Doing a quick check, it seems we are not defining a key's property in the data model. Is it possible to define key=ndb.TextPropety() inside the cache model? Otherwise, we can index the url field.

kevinahuber commented 8 years ago

@mmocny Do you have any additional guidance on this? I'll go ahead and try to tackle it.

scottjenson commented 7 years ago

@oahziur @mmocny any comment on this?

rochforp commented 7 years ago

@scottjenson @mmocny has there been any movement on this? I'd like for this limit to be upped to ~1000 characters if possible. There are some instances where my URL's are getting very long so I'm using a shortener but they are getting ignored in PhyWeb and Chrome because of the PWS URL character limit. However, Magnet does see these longer urls with their pws and browser so I just wanted to check and see what Chrome was gonna do before I continue with some projects.

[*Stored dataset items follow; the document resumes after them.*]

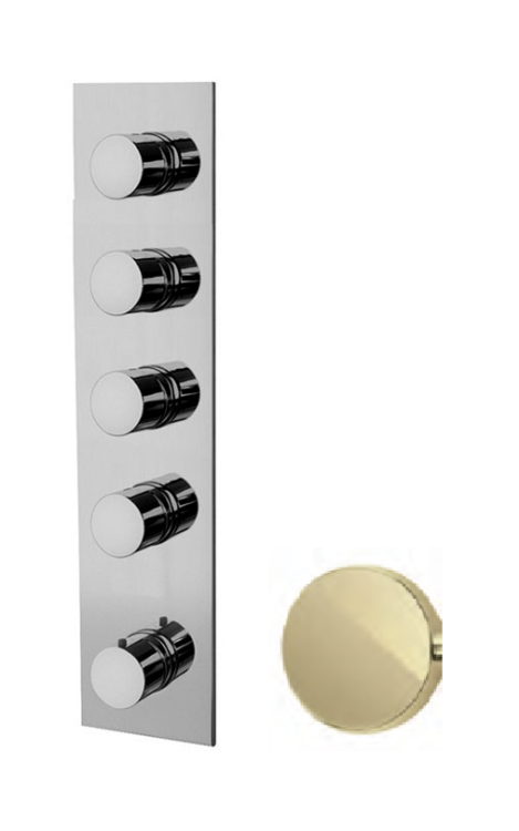 Смеситель для душа, Fima Carlo Frattini, Fimatherm, на 4 потребителя, тип открывания воды-вентильный, тип регулирования воды-термостатический картридж, монтаж-настенный встраиваемый, отверстия для монтажа-5, внутренняя часть-необходимо заказать, цвет-шампань Смеситель для душа, Fima Carlo Frattini, Fimatherm, на 4 потребителя, цвет-шампань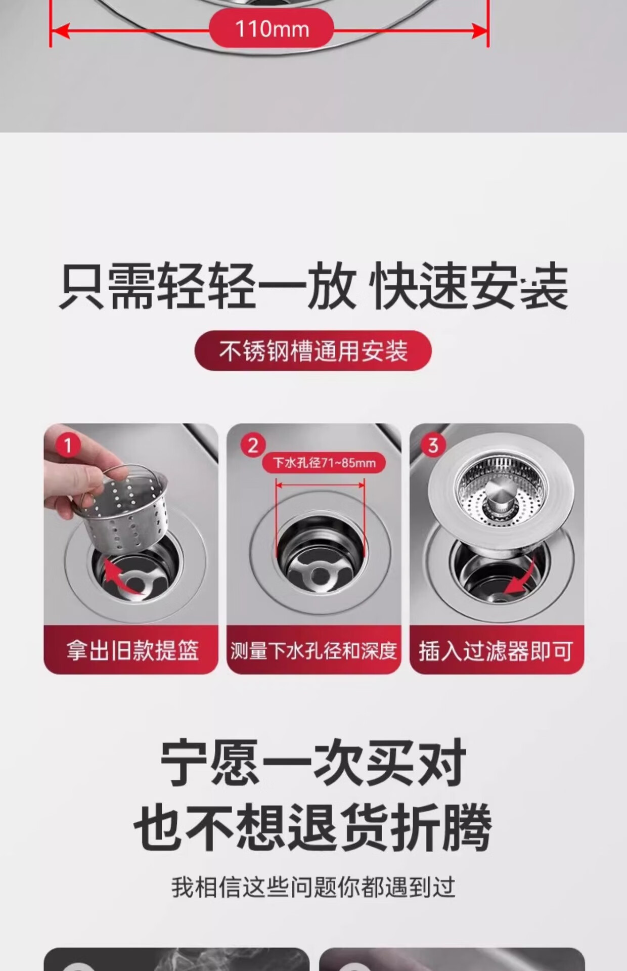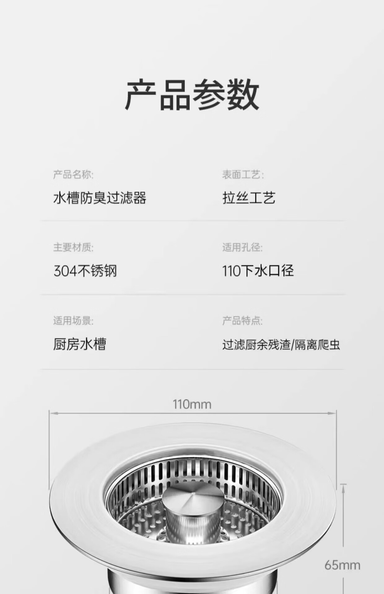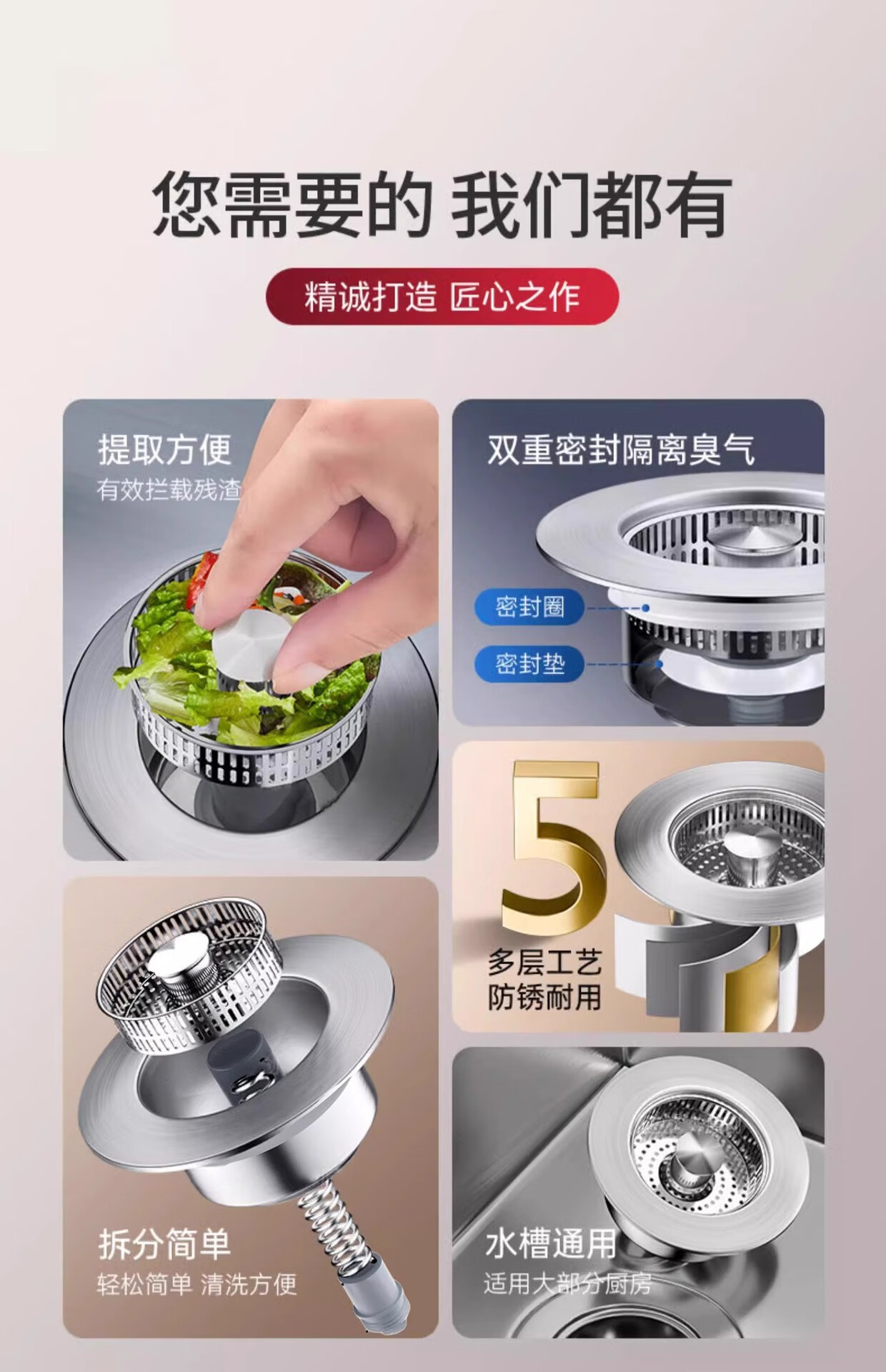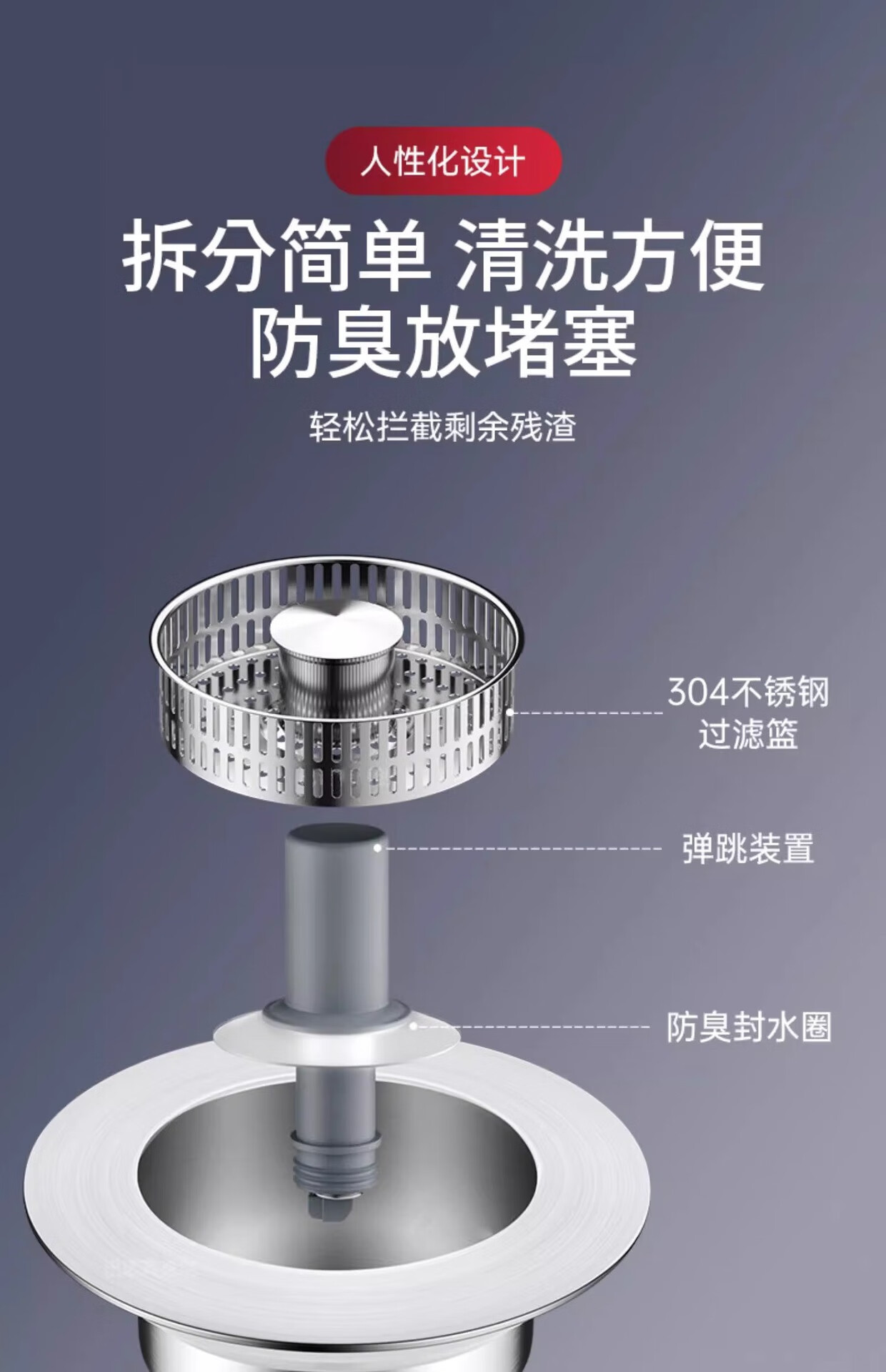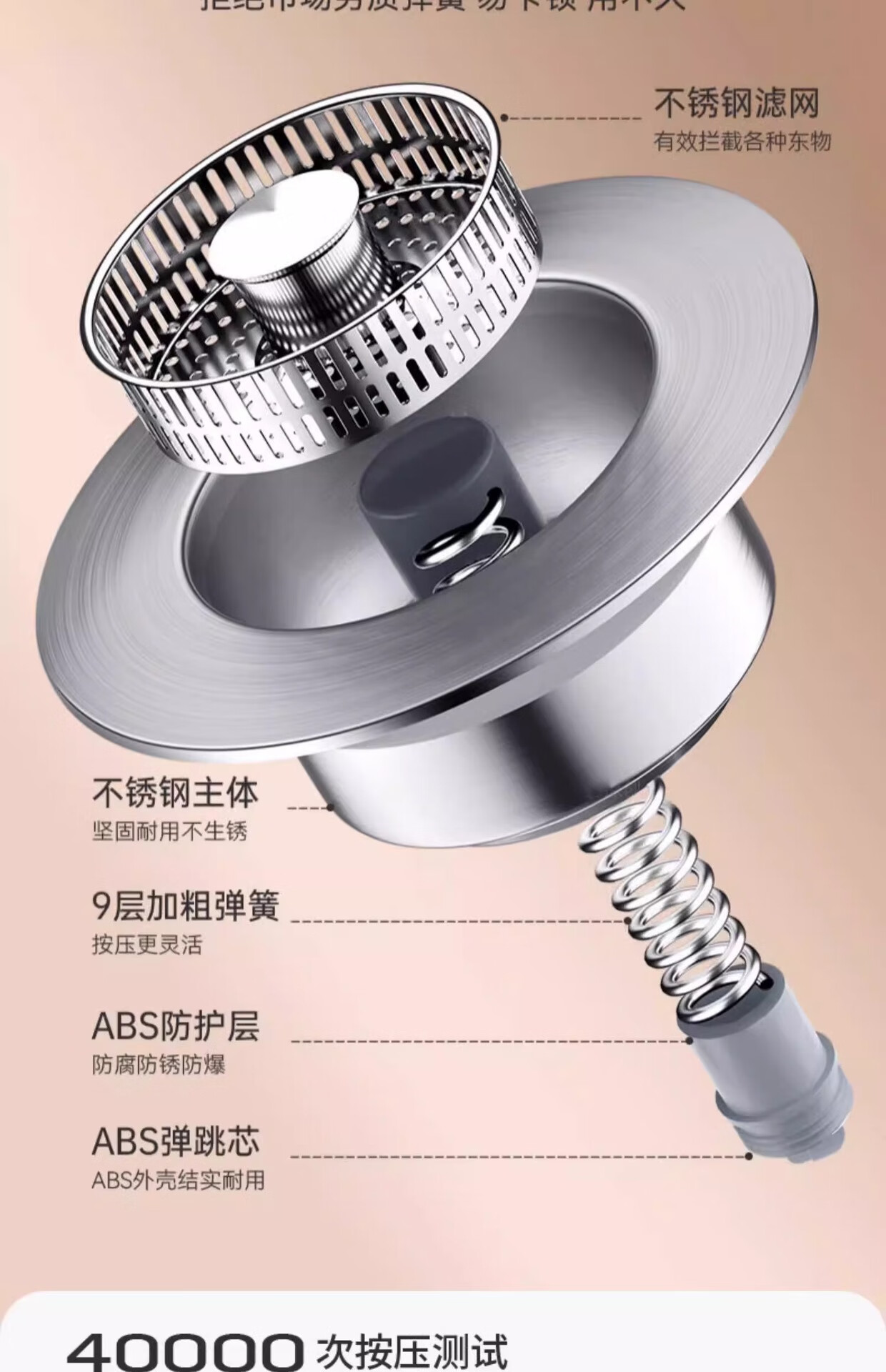 JOMOO New Germany 304 stainless steel kitchen sink sink drain leak plug filter universal pool spring core silver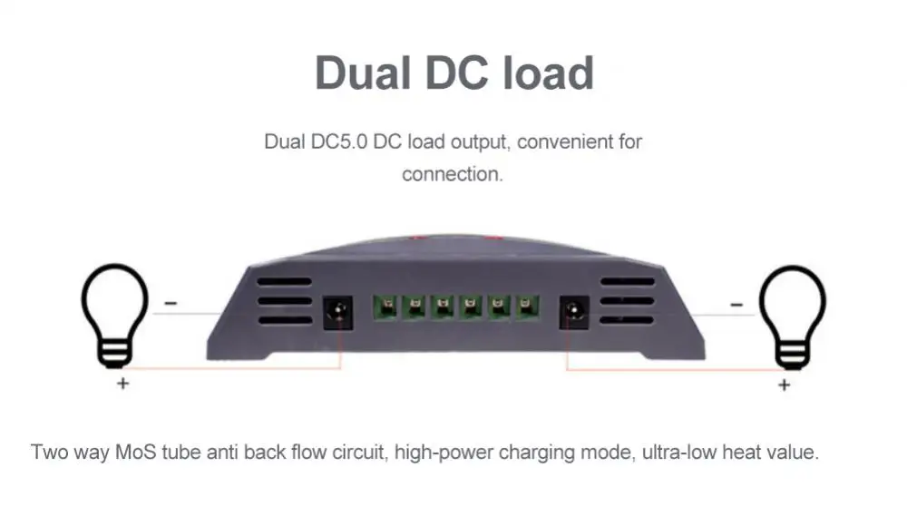 5. Двойная нагрузка постоянного тока: двойной DC5.0 выход нагрузки постоянного тока, легко подключить.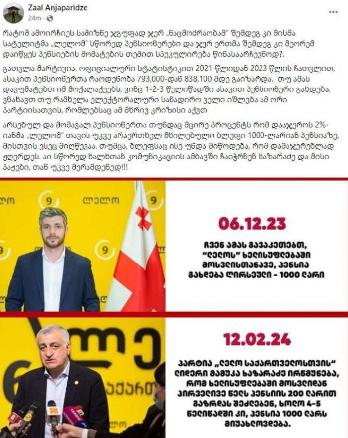 “რატომ ამოირჩიეს სამიზნე ჯგუფად ჯერ „ნაცმოძრაობამ“ შემდეგ კი მისმა სატელიტმა „ლელომ“ სწორედ პენსიონერები და ჯერ ერთმა შემდეგ კი მეორემ დაიწყეს პენსიების მომატების თემით სპეკულირება წინასაარჩევნოდ?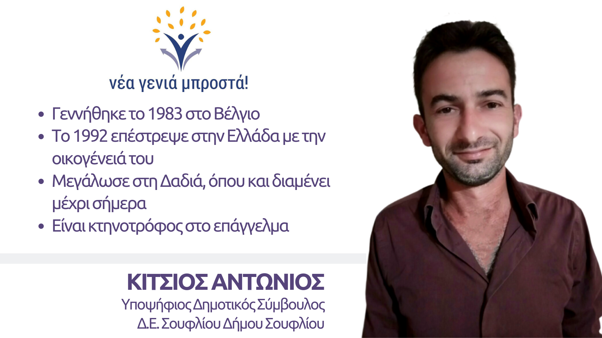 Ο συνδυασμός μας αποτελεί μια ελπιδοφόρα σύνθεση απόψεων και ανθρώπων που μας ενώνει η διάθεση να βελτιώσουμε την ποιότητα ζωής των συνδημοτών μας και να αναδυθεί ο Δήμος μας από την αφάνεια. Στηρίζεται σε "νέους" στη νοοτροπία ανθρώπους, με πάθος, όρεξη και καθαρούς σκοπούς για την εξέλιξη του Δήμου, που θα έχει ως επίκεντρο όλους τους δημότες, ανεξαρτήτως ηλικίας, θέσης, θρησκείας, φύλου, καταγωγής ή πεποιθήσεων.

mmocny commented 7 years ago

Folks, this is a bug in the open source (Python + App Engine) PWS which in this repo.

The URL character length limit for Google's internal PWS is 2083, and that's what is used by Chrome and Nearby), and that is the URL length limit for browsers as well.

I can try to take a stab at fixing the python PWS later this week. Or, maybe someone would like to make a patch? Great opportunity to make a quick contribution!

kevinahuber commented 7 years ago

@mmocny Ah this fell by the wayside. I'd love to tackle this but I am swamped with work this weekend- I can in a few weeks, or can help test if someone else wants to take lead.

mmocny commented 7 years ago

No hurry! Thanks for offering. I'll still see if I can take a stab soon.

On Wed, Nov 16, 2016 at 2:45 PM Kevin notifications@github.com wrote:

@mmocny https://github.com/mmocny Ah this fell by the wayside. I'd love to tackle this but I am swamped with work this weekend- I can in a few weeks, or can help test if someone else wants to take lead.

— You are receiving this because you were mentioned.

Reply to this email directly, view it on GitHub https://github.com/google/physical-web/issues/753#issuecomment-261050815, or mute the thread https://github.com/notifications/unsubscribe-auth/AAc8qga2BbzMzeUtJLFORmP5MOae7dqAks5q-11UgaJpZM4JYjqa .

rohinrohin commented 7 years ago

@mmocny @kevinahuber can you guide me as to how I can solve this issue? I am proficient in python and a very quick learner :)

kevinahuber commented 7 years ago

@rohinrohin Excellent! As far as I understand... the PWS stores "site information" using the url as the key. This is an issue, since the key has a limit of 500 characters (this is where my knowledge evaporates). https://github.com/google/physical-web/blob/master/web-service/models.py

We'd want all URLs to have a minimum of 2048 characters, as that is the lowest limit most technologies have.